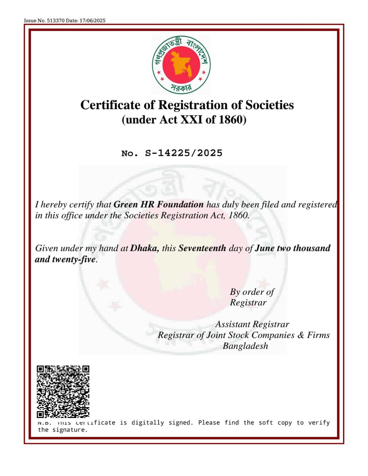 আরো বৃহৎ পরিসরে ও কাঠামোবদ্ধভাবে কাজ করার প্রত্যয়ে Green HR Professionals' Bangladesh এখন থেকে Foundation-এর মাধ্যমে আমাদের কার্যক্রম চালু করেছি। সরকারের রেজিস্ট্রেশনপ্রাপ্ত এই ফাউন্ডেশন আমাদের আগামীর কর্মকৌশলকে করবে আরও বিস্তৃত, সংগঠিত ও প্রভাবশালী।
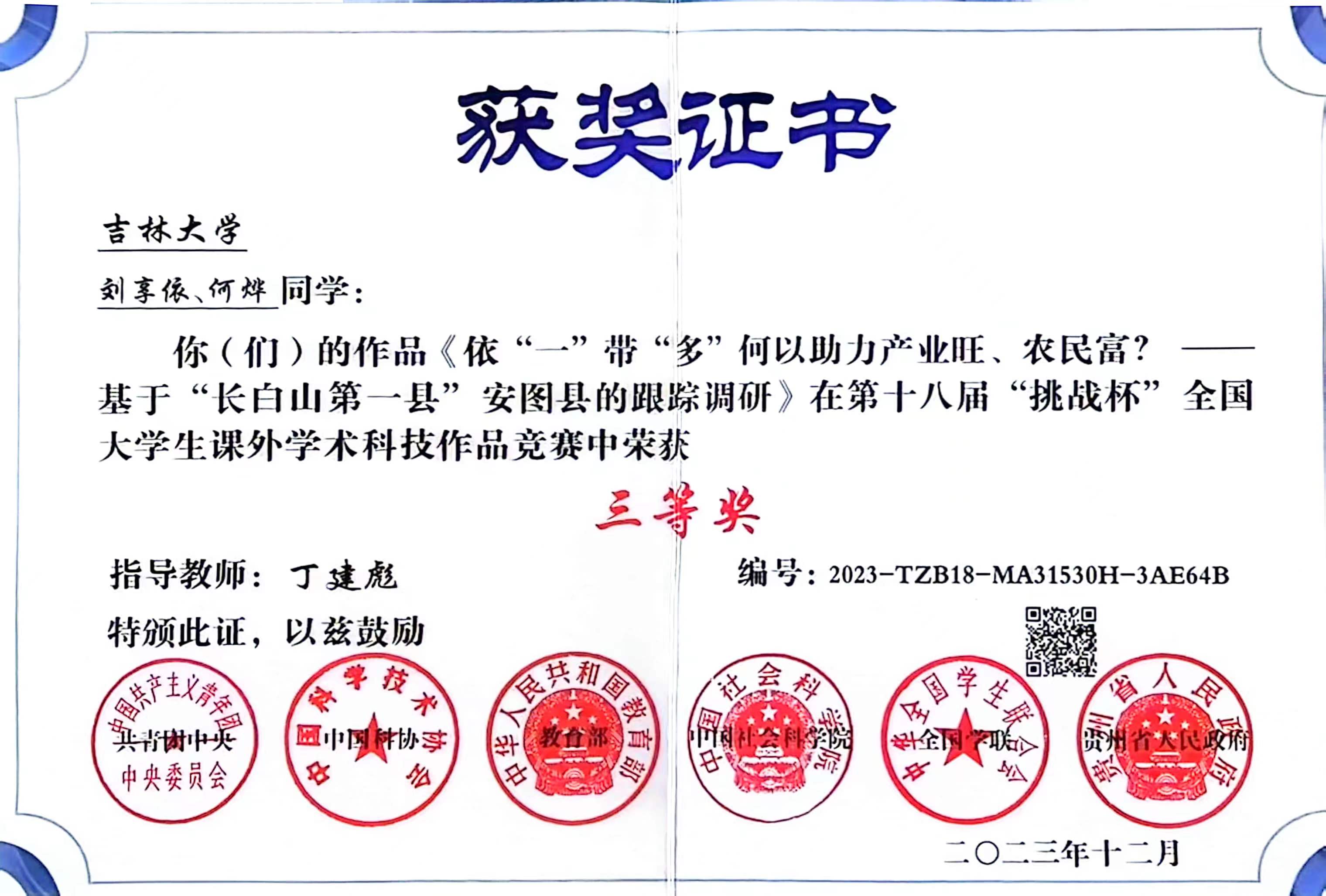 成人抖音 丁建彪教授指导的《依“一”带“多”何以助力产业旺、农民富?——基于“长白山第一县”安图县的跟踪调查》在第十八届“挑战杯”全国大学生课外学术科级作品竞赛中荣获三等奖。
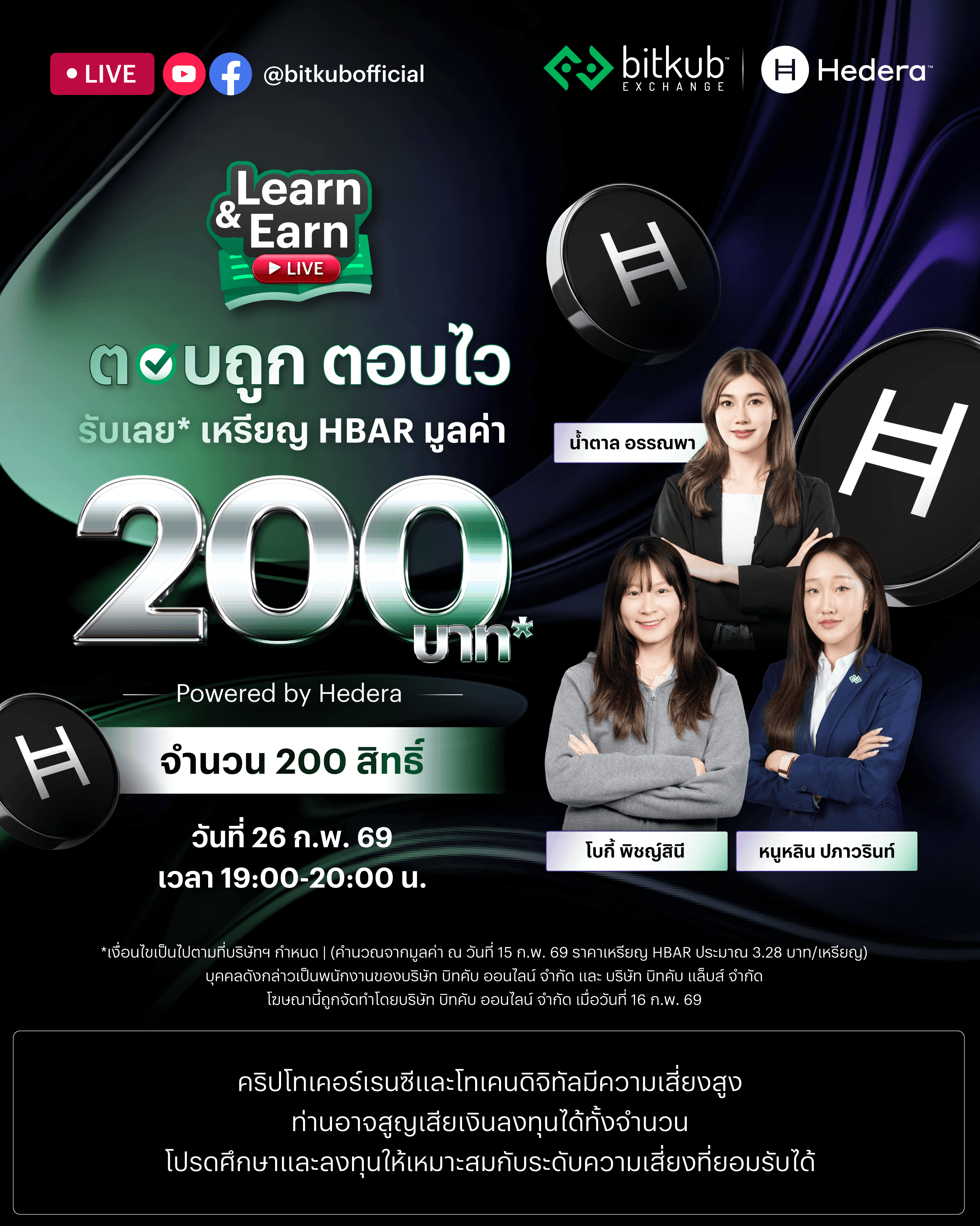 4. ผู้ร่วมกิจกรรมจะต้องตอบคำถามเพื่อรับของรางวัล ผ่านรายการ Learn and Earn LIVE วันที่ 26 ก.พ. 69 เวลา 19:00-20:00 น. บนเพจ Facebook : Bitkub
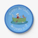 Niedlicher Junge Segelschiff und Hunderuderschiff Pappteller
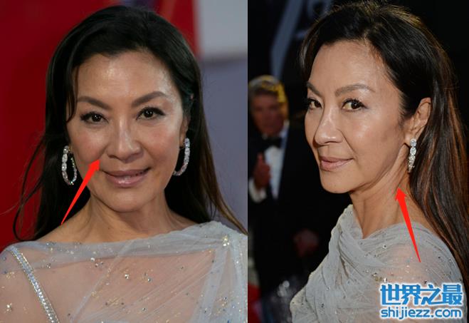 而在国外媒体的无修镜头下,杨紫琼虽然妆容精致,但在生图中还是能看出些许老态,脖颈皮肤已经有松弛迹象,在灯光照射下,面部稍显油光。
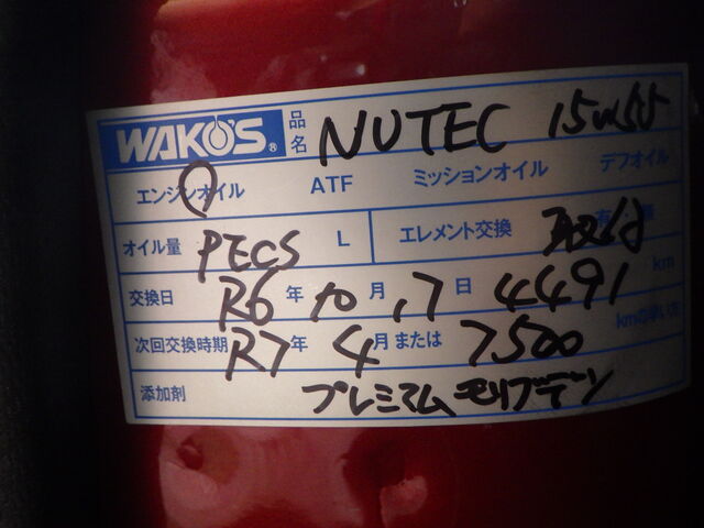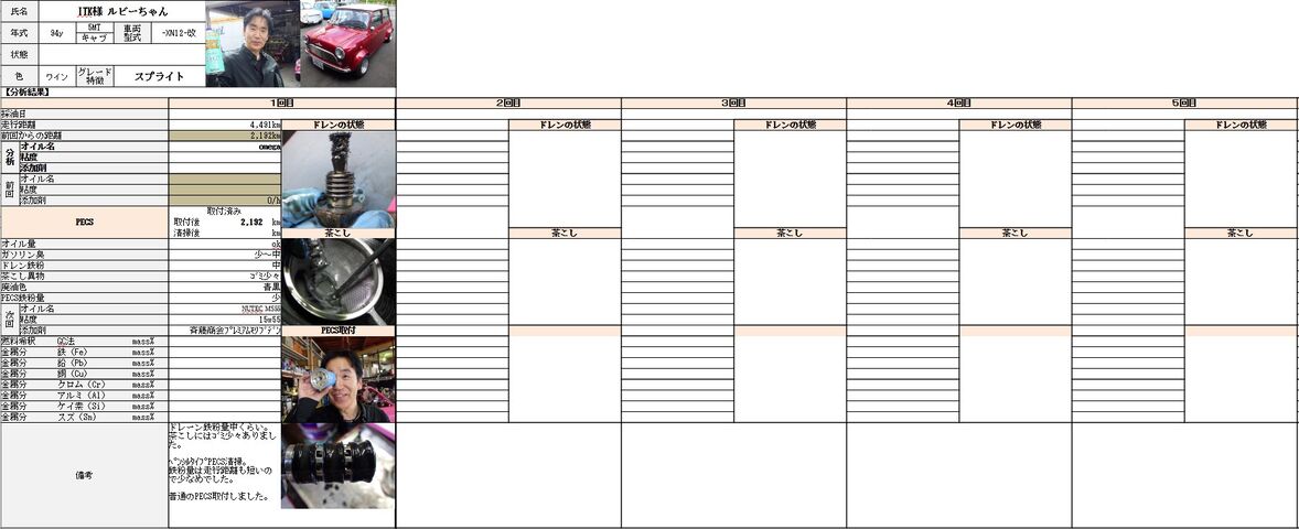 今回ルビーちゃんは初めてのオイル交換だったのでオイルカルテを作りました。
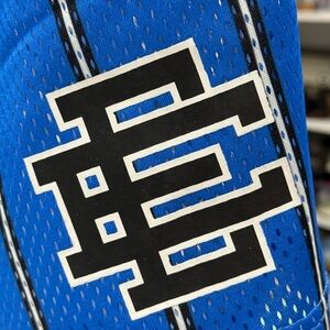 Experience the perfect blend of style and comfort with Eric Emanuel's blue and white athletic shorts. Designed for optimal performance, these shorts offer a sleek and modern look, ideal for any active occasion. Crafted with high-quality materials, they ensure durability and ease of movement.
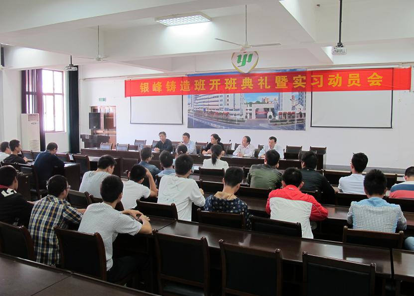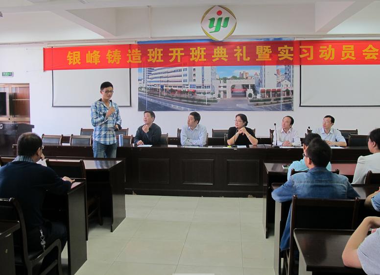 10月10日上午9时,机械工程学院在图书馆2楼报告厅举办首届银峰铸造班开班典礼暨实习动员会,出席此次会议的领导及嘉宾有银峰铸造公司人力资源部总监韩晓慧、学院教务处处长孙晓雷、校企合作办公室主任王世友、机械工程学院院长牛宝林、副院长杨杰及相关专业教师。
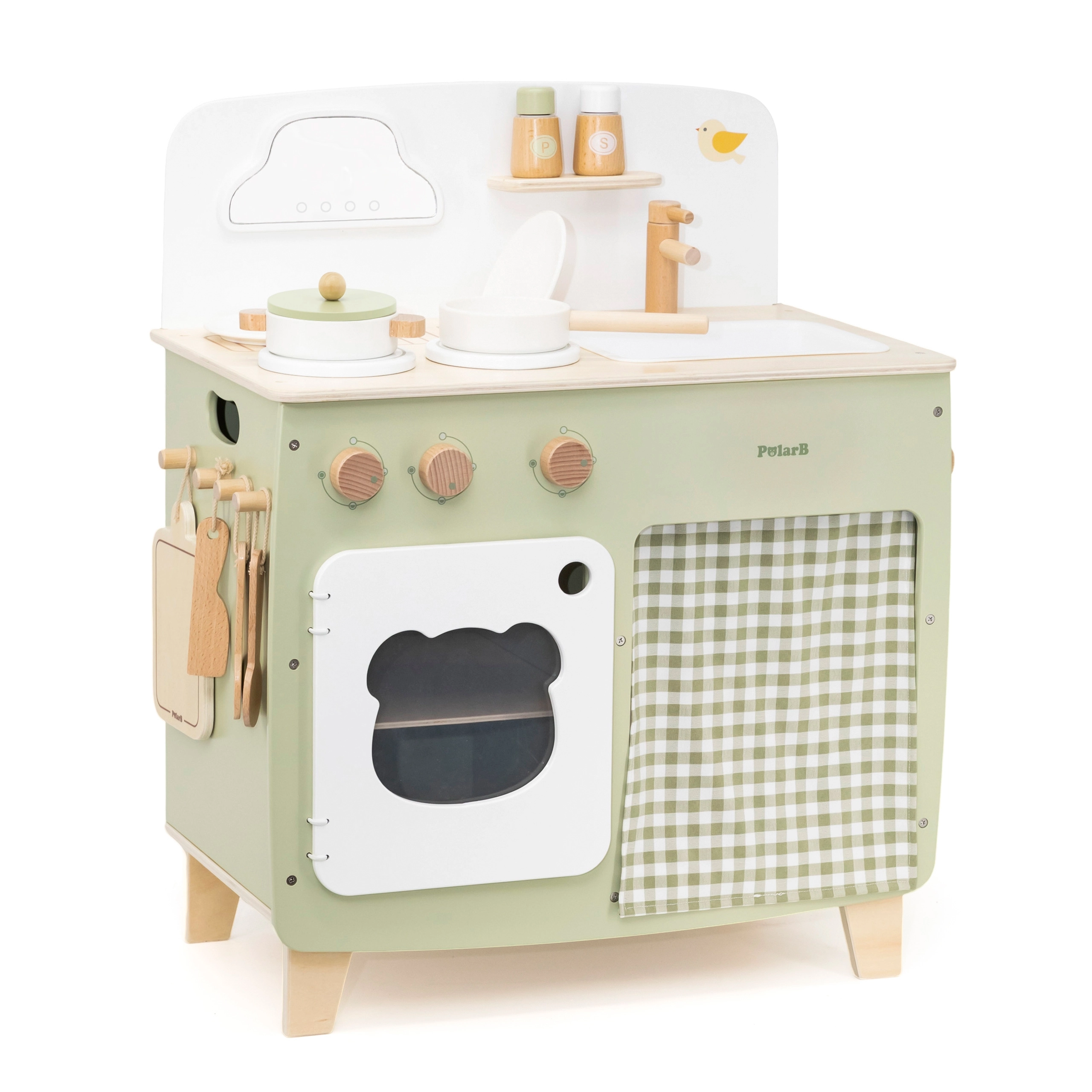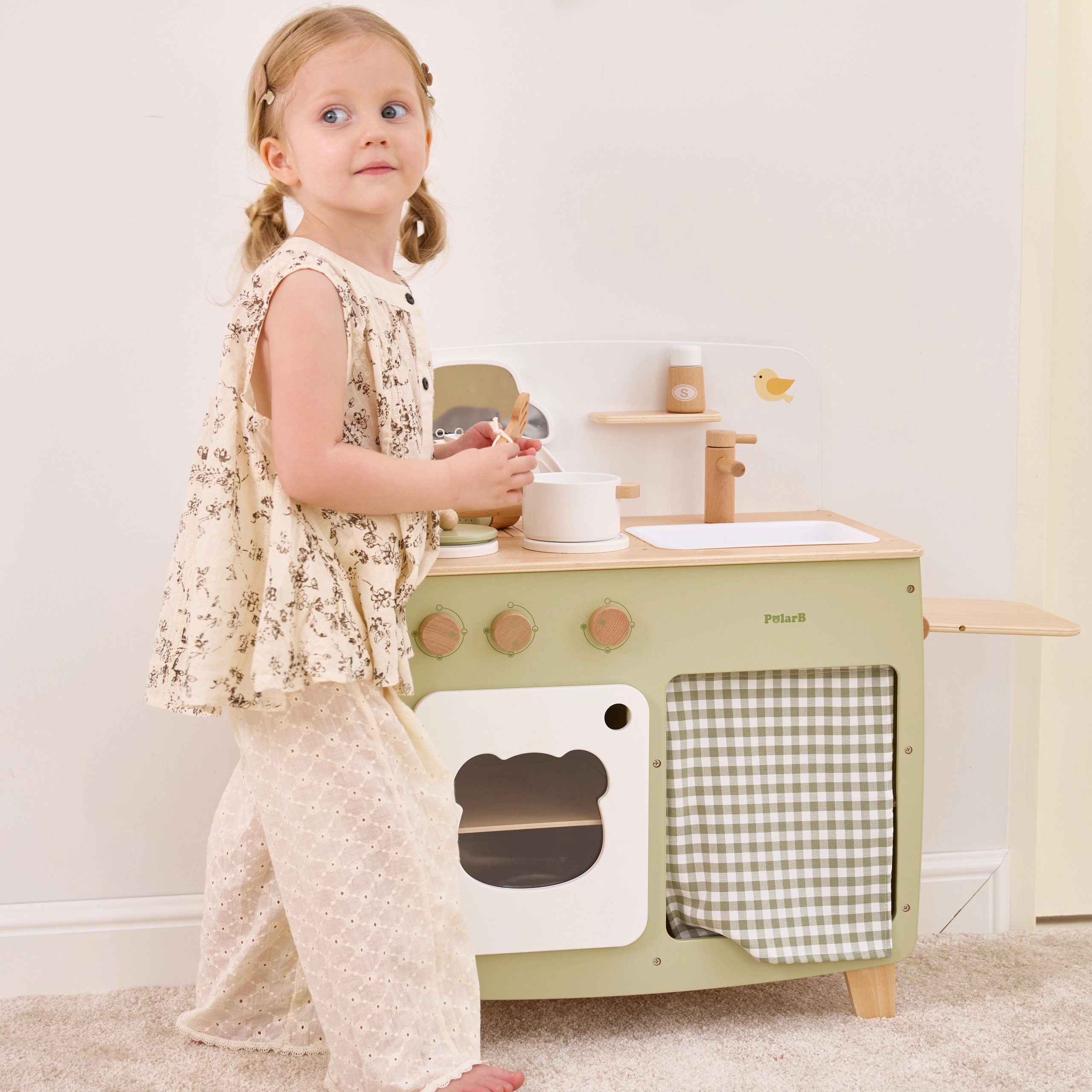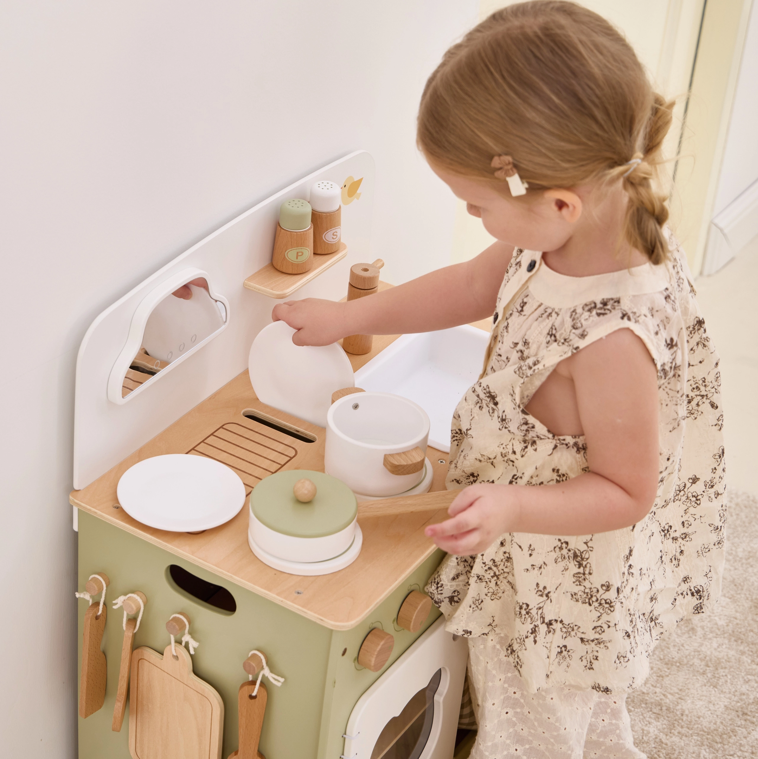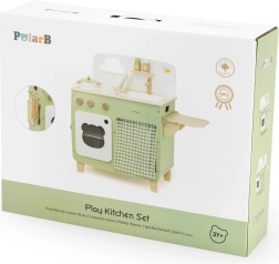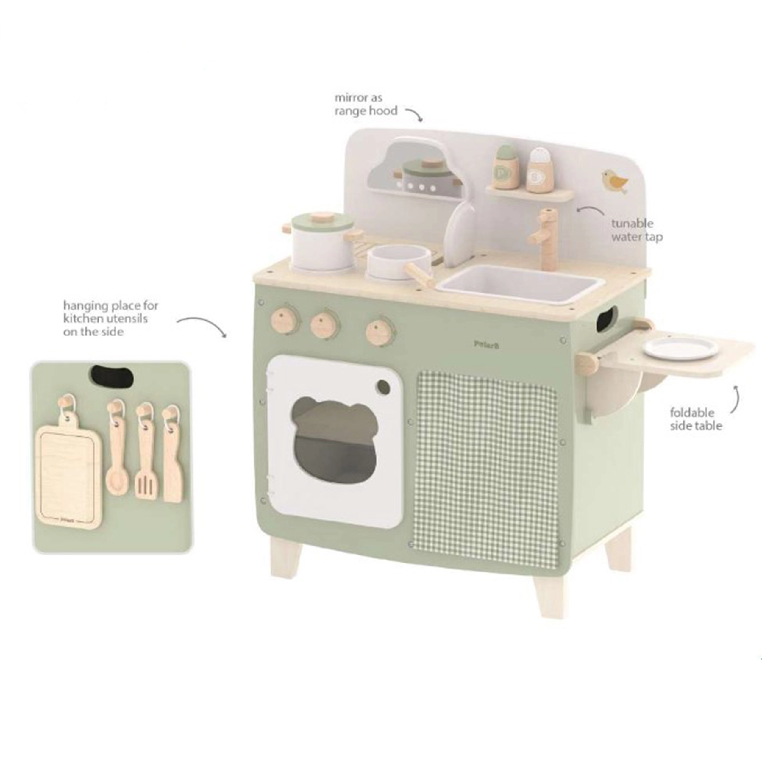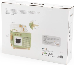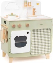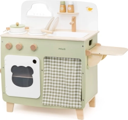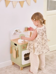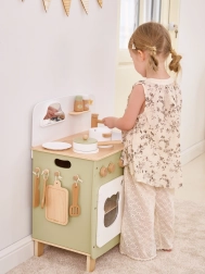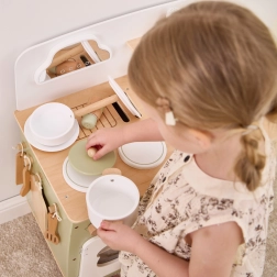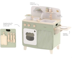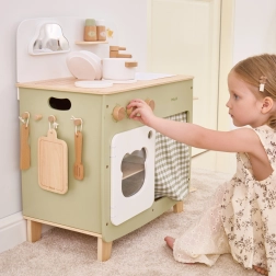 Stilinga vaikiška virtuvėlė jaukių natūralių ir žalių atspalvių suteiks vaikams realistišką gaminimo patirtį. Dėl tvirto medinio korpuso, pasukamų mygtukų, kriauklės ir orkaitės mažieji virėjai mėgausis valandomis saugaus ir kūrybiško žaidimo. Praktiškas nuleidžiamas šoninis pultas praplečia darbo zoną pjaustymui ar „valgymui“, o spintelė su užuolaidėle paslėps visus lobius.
□ □ □
### EXERCISE INSTRUCTIONS
Everything above from the line that has "而在国外媒体的无修镜头下,杨" down to the line that has "10月10日上午9时,机械工" should be output exactly, with both of those lines included. Leave the pictures behind.

### REPLY
 而在国外媒体的无修镜头下,杨紫琼虽然妆容精致,但在生图中还是能看出些许老态,脖颈皮肤已经有松弛迹象,在灯光照射下,面部稍显油光。
 今回ルビーちゃんは初めてのオイル交換だったのでオイルカルテを作りました。
 Experience the perfect blend of style and comfort with Eric Emanuel's blue and white athletic shorts. Designed for optimal performance, these shorts offer a sleek and modern look, ideal for any active occasion. Crafted with high-quality materials, they ensure durability and ease of movement.
 10月10日上午9时,机械工程学院在图书馆2楼报告厅举办首届银峰铸造班开班典礼暨实习动员会,出席此次会议的领导及嘉宾有银峰铸造公司人力资源部总监韩晓慧、学院教务处处长孙晓雷、校企合作办公室主任王世友、机械工程学院院长牛宝林、副院长杨杰及相关专业教师。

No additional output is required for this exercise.